Cutting, Nanoexfoliation, and Reshaping of Multilayer MoS2 Using Atomic Force Microscopy-Based Thermomechanical Scratch

Atomically thin two-dimensional (2D) layered materials, such as molybdenum disulfide (MoS₂), are candidates for next-generation nanoelectronic and optoelectronic devices. Patterning 2D materials into finite nanostructures is essential for system integration and wafer-scale manufacturing but remains a major challenge. Herein, a thermomechanical nanolithography technique is demonstrated that allows for the direct cutting, nanoexfoliation, and reshaping of multilayer MoS₂ on a flexible poly(methyl methacrylate) (PMMA) substrate using a heated atomic force microscope nanotip.

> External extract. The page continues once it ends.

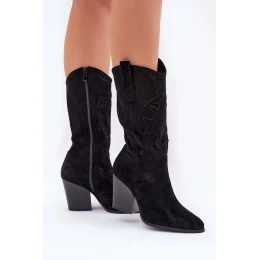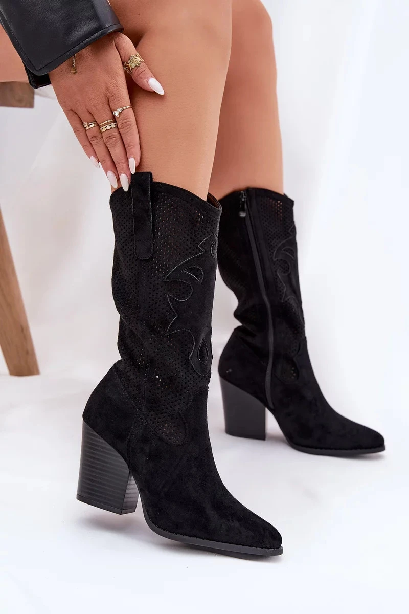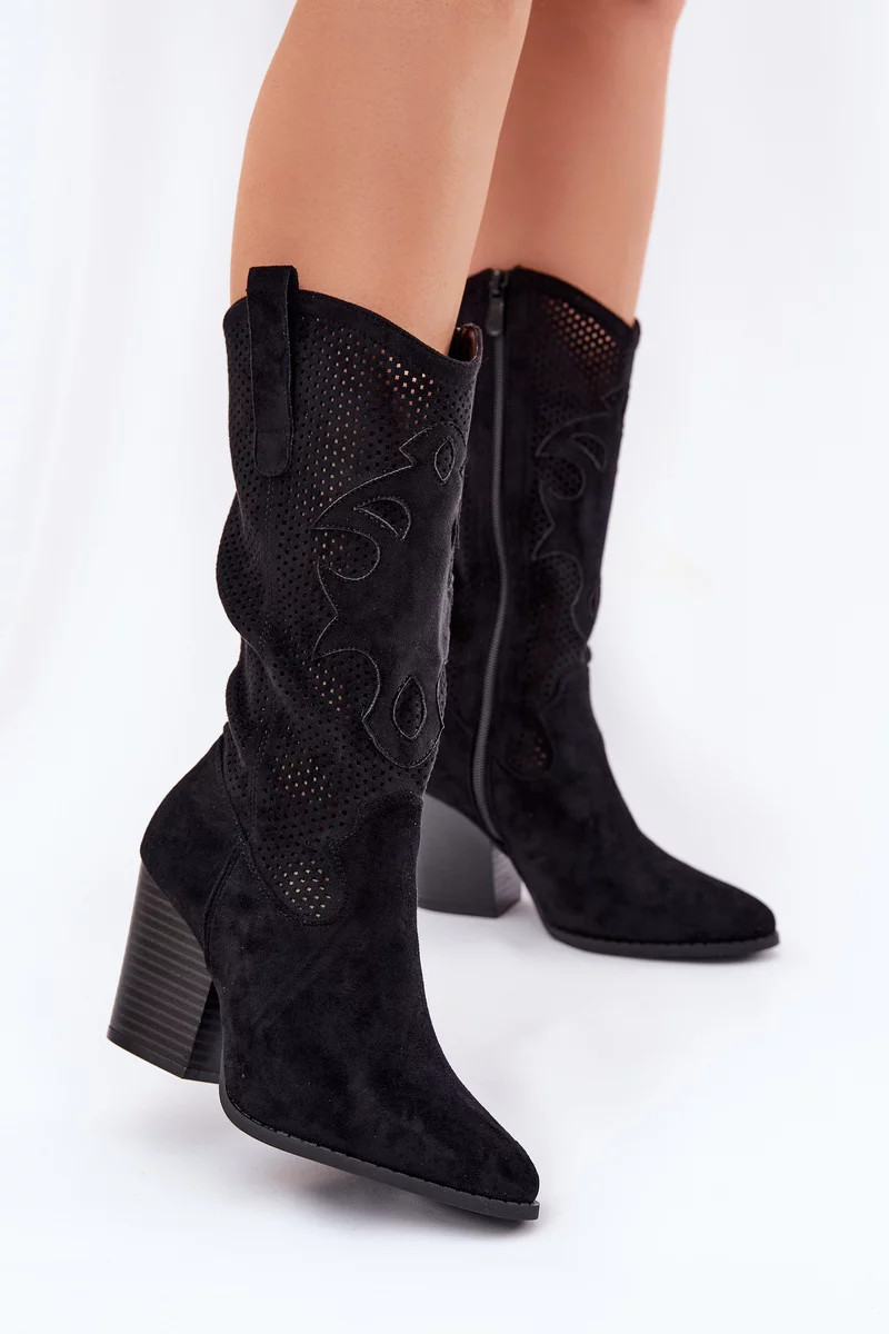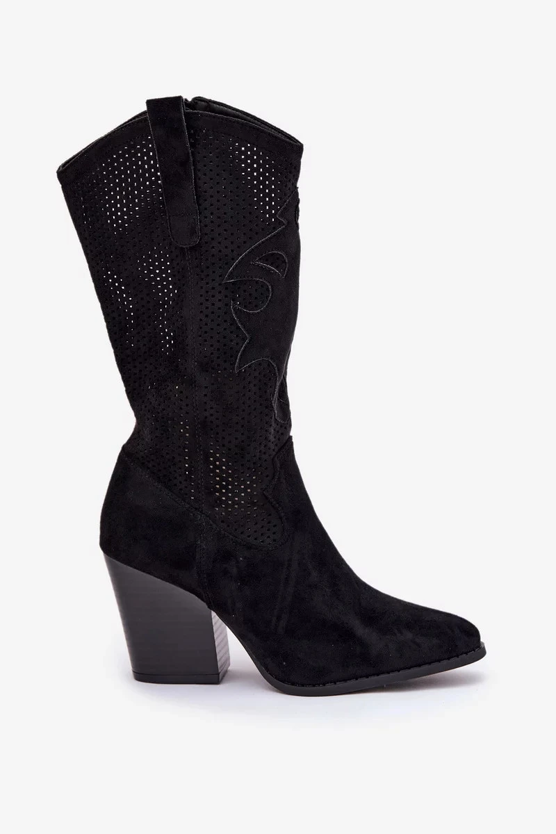Dámské perforované kozačky ve stylu kovbojek na sloupkovém podpatku S.Barski – černé, eko kůže

Using a constant force of 735 nN, a 3.8 nm-thick MoS₂ was cut to form notches, nanoexfoliated, and reshaped under the heating temperatures of 120 to 170 °C induced by the great tensile stress produced via thermomechanical cleaving of the thermosensitive PMMA underneath the MoS₂. However, under given parameters of 735 nN and 170 °C, the thickness of 4.4 nm was the limit thickness that MoS₂ can be cut, peeled, and reshaped due to the markedly increased bending stiffness and strain energy with the enlarged thickness. The proposed direct manipulation technique of multilayer MoS₂ is a promising tool for precisely tailoring nanopatterns on 2D materials for future applications in flexible nanoelectronic and optoelectronic devices.